▸ Input data

:::

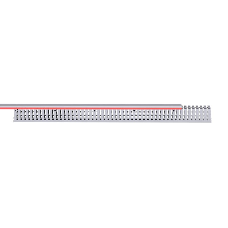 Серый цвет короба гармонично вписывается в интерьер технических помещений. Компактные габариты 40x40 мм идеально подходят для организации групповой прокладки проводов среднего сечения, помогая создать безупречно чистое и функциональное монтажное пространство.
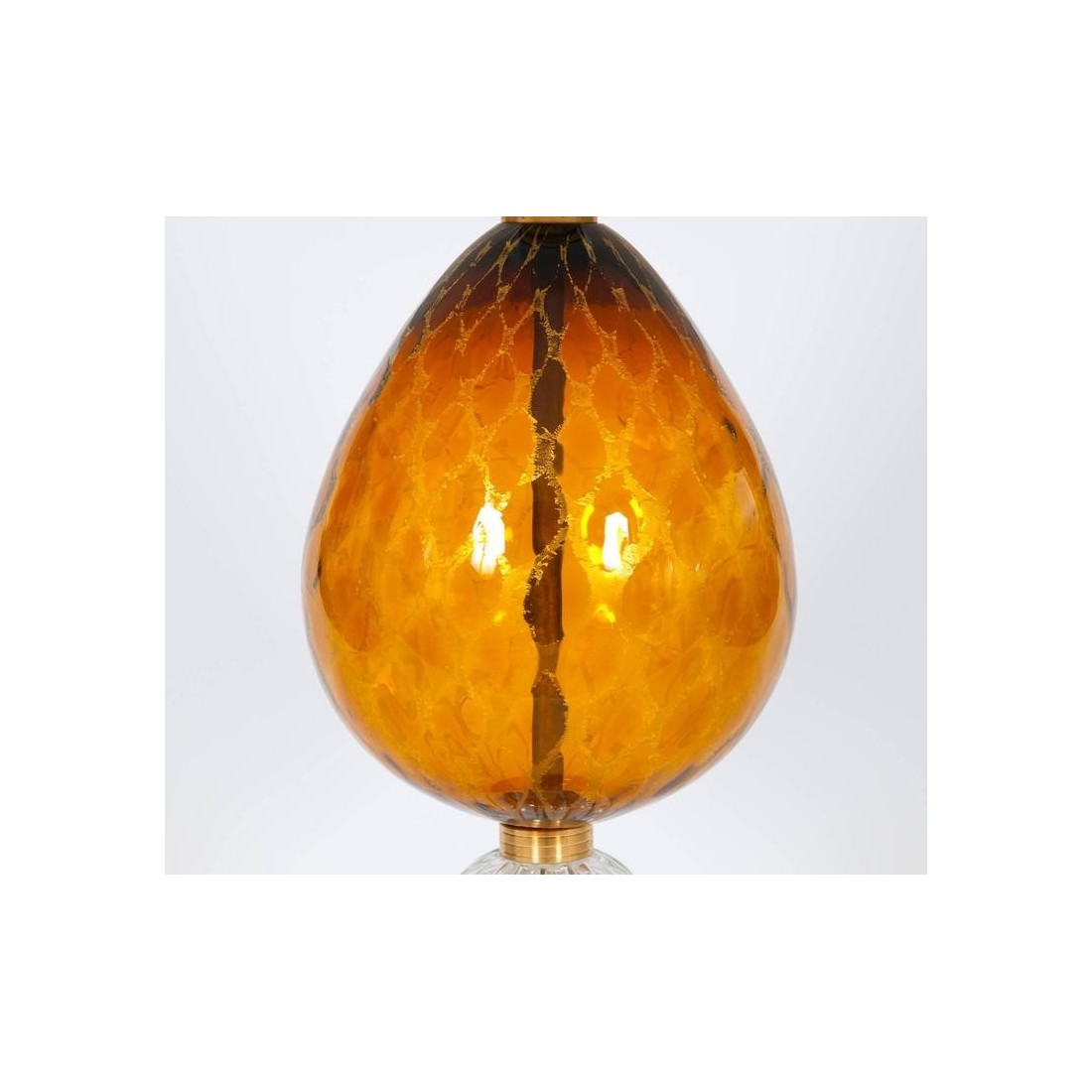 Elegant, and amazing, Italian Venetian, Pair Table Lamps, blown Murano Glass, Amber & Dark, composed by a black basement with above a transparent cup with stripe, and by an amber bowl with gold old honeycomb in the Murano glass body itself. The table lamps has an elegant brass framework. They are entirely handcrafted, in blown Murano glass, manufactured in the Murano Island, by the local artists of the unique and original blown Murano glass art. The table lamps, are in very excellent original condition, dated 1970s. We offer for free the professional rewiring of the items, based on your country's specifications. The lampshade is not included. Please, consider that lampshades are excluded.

:::

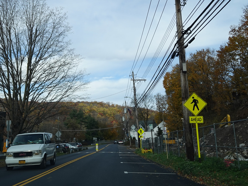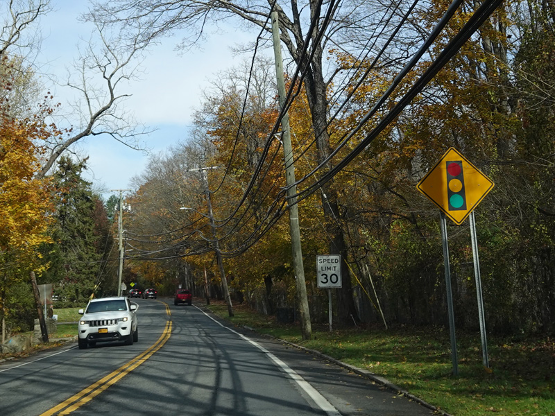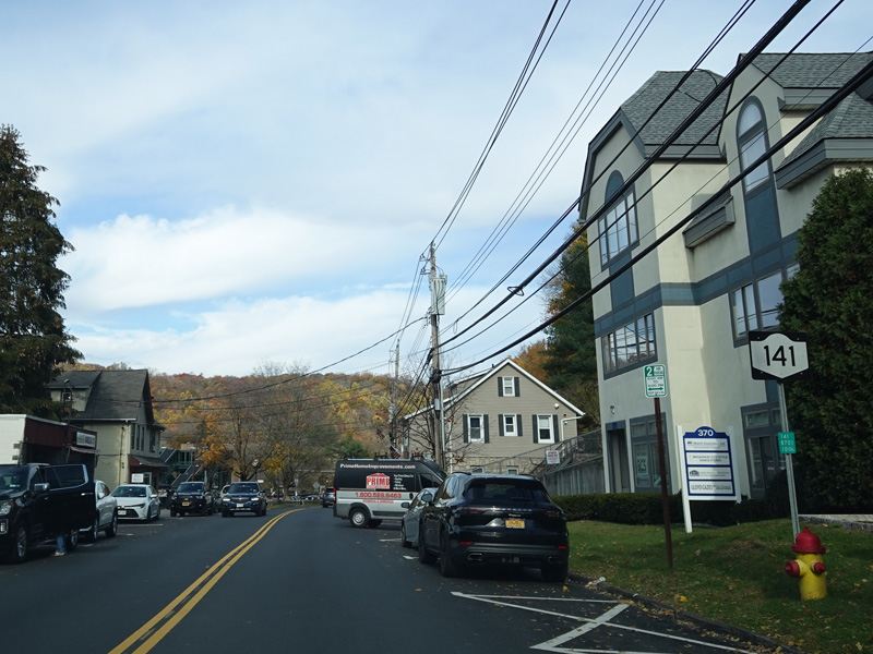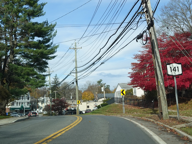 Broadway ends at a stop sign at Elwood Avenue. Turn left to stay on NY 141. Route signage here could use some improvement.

:::

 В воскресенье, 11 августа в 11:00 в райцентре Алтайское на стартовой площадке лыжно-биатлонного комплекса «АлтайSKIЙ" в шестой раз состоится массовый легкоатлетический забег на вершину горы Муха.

:::

▸ Assignment
Copy the lines above exactly, starting at the one with "Серый цвет короба" and ending at the one with "Elegant, and amazing, Italian", both included. Leave out any pictures and add nothing else.

▸ Exercise output
 Серый цвет короба гармонично вписывается в интерьер технических помещений. Компактные габариты 40x40 мм идеально подходят для организации групповой прокладки проводов среднего сечения, помогая создать безупречно чистое и функциональное монтажное пространство.
 Elegant, and amazing, Italian Venetian, Pair Table Lamps, blown Murano Glass, Amber & Dark, composed by a black basement with above a transparent cup with stripe, and by an amber bowl with gold old honeycomb in the Murano glass body itself. The table lamps has an elegant brass framework. They are entirely handcrafted, in blown Murano glass, manufactured in the Murano Island, by the local artists of the unique and original blown Murano glass art. The table lamps, are in very excellent original condition, dated 1970s. We offer for free the professional rewiring of the items, based on your country's specifications. The lampshade is not included. Please, consider that lampshades are excluded.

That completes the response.